Your objective: Excerpt from the entries below: please repeat exactly the lines from the one containing "La serie de" through the last one, both ends included, with no pictures.

Material to process:
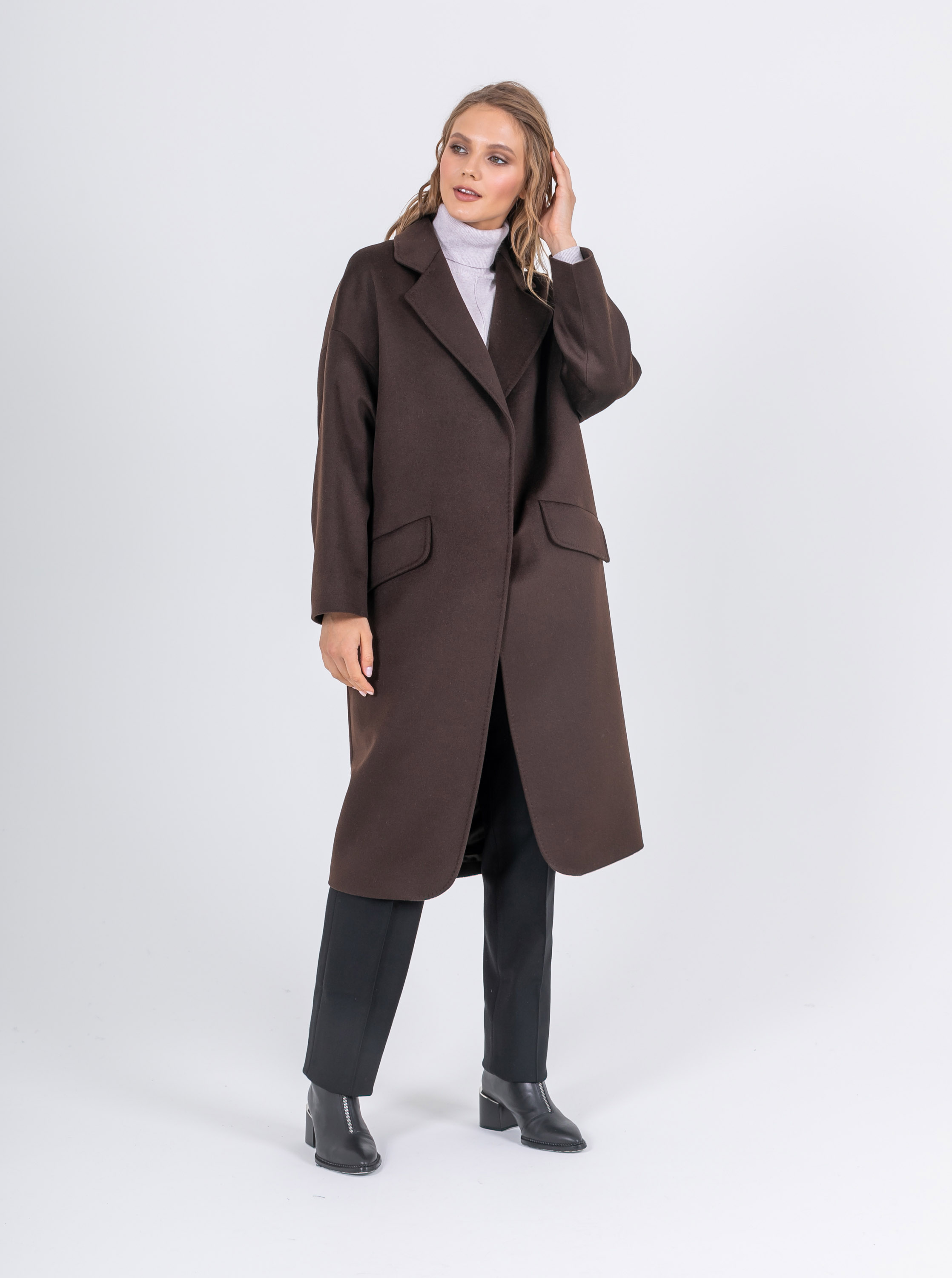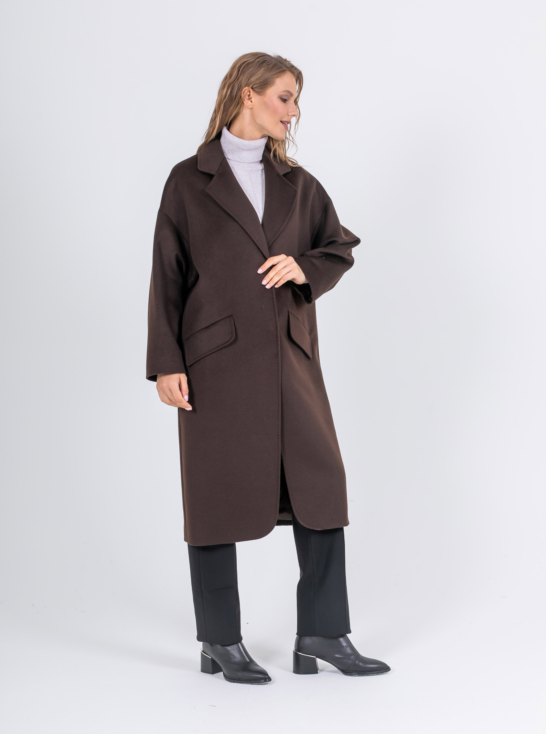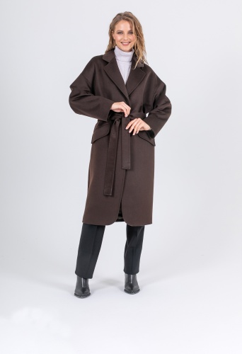 На сайте указаны российские размеры. Свободное пальто классического кроя из 100% шерсти. Свободный рукав, спущенное плечо, скрытые карманы, английский воротник. Модель с закруглёнными углами снизу. С поясом. Рост модели: 174 см
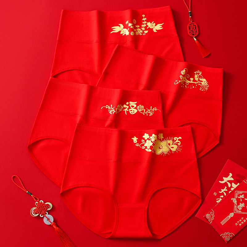 本命年A類赤ちゃん綿安可拉紅下着女性高腰無痕結婚ズボン抗菌绢糸パンツ
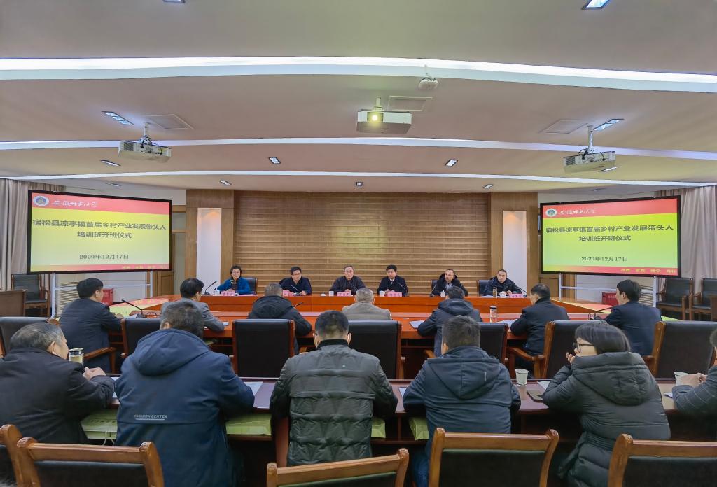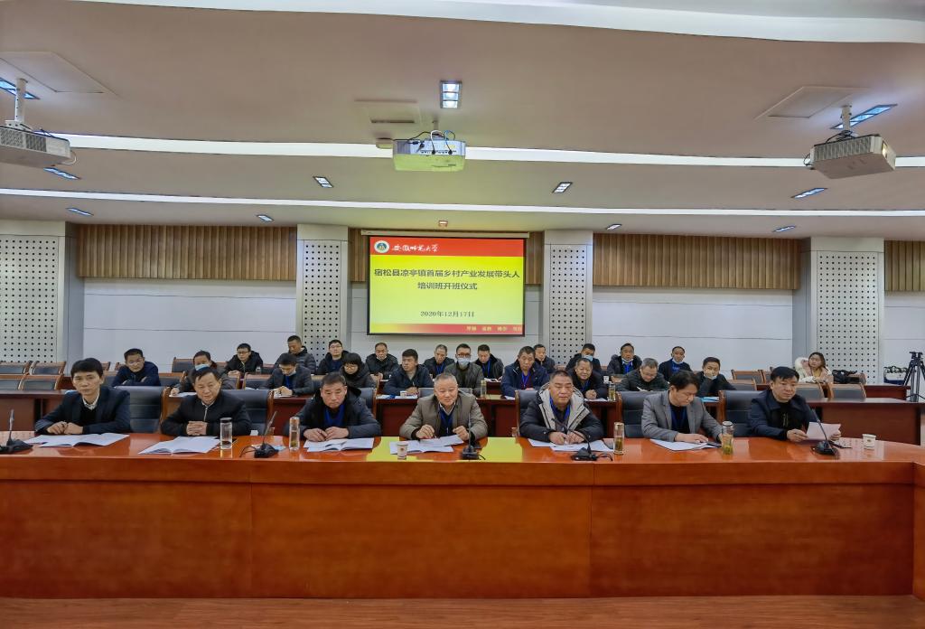 本网讯(文/桂晓骏 图/付勇)12月17日下午,宿松县凉亭镇首届乡村产业发展带头人培训班在我校开班。校党委副书记蒋家平出席开班仪式并讲话。校党委常委、办公室主任曾黎明,经济管理学院党委书记陈秀庆,凉亭镇党委书记杨文龙、党委副书记严国旺,三德村党总支第一书记、驻村扶贫工作队队长黄德春及驻村扶贫工作队成员,凉亭镇25名乡村产业发展带头人参加开班仪式。开班仪式由曾黎明主持。
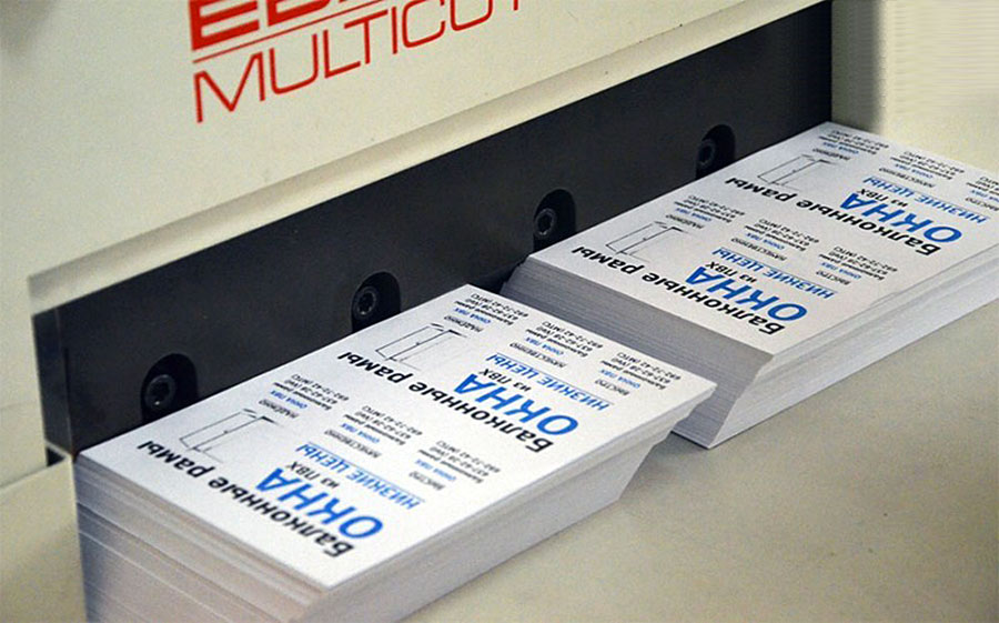 Листовки печатаются с одной или с двух сторон бумажного листа формата А3. Затем листы разрезаются на флаеры нужного формата на гильотине или вырубаются прессом. Времени это занимает совсем немного. Например, печать и резка сотни листовок займет от силы минут десять чистого рабочего времени.
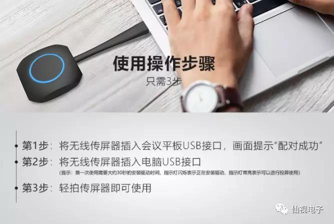 簡(jiǎn)單來(lái)說(shuō):先在把投屏器插到會(huì)議平板上,按一下中間的小圈圈。然后把它插到電腦上,再按一下小圈圈,完成配對(duì),然后就可以愉快地同屏了~
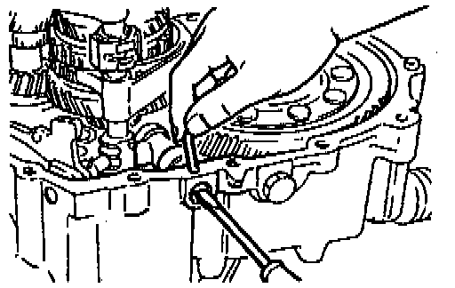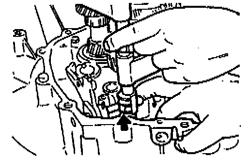 3. With the edge of the control end against the scraper, push the control end in the direction of the arrow so that the ball goes into the shaft. This will line up the rod with the shift rod coupling hole in the clutch housing.
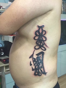 个性豪放的侧腰部花体汉字纹身图片
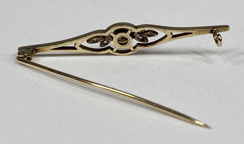 9CT WHITE & YELLOW GOLD BAR BROOCH set with a pearl and diamond chips, 5cms (l), 2.6gmsProvenance: private collection Denbighshire
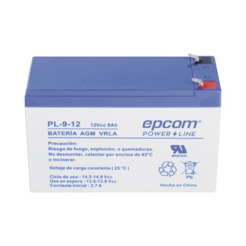 La serie de baterías EPCOM POWERLINE, están diseñadas con tecnología AGM-VRLA (Fibra de vidrio absorbente, con válvulas de regulación), placas de alto rendimiento y electrólito para proporcionar una salida de energía adicional. Las baterías de la serie EPCOM POWERLINE son baterías de respaldo para equipos electrónicos, con una vida útil de diseño flotante de 5 años a 25°C, aprobado por UL (MH64542).
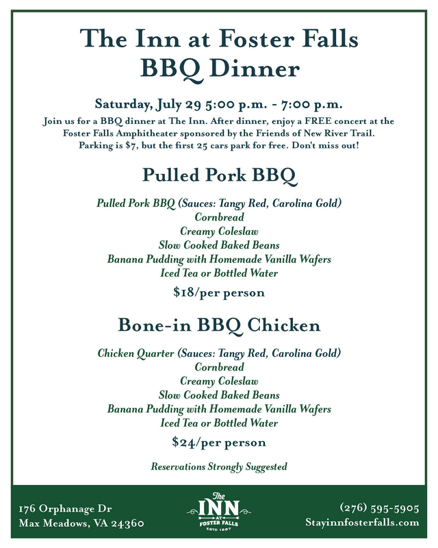 The Inn at Foster Falls presents a BBQ Dinner on Saturday, July 29, 2023.

Your solution:
 La serie de baterías EPCOM POWERLINE, están diseñadas con tecnología AGM-VRLA (Fibra de vidrio absorbente, con válvulas de regulación), placas de alto rendimiento y electrólito para proporcionar una salida de energía adicional. Las baterías de la serie EPCOM POWERLINE son baterías de respaldo para equipos electrónicos, con una vida útil de diseño flotante de 5 años a 25°C, aprobado por UL (MH64542).
 The Inn at Foster Falls presents a BBQ Dinner on Saturday, July 29, 2023.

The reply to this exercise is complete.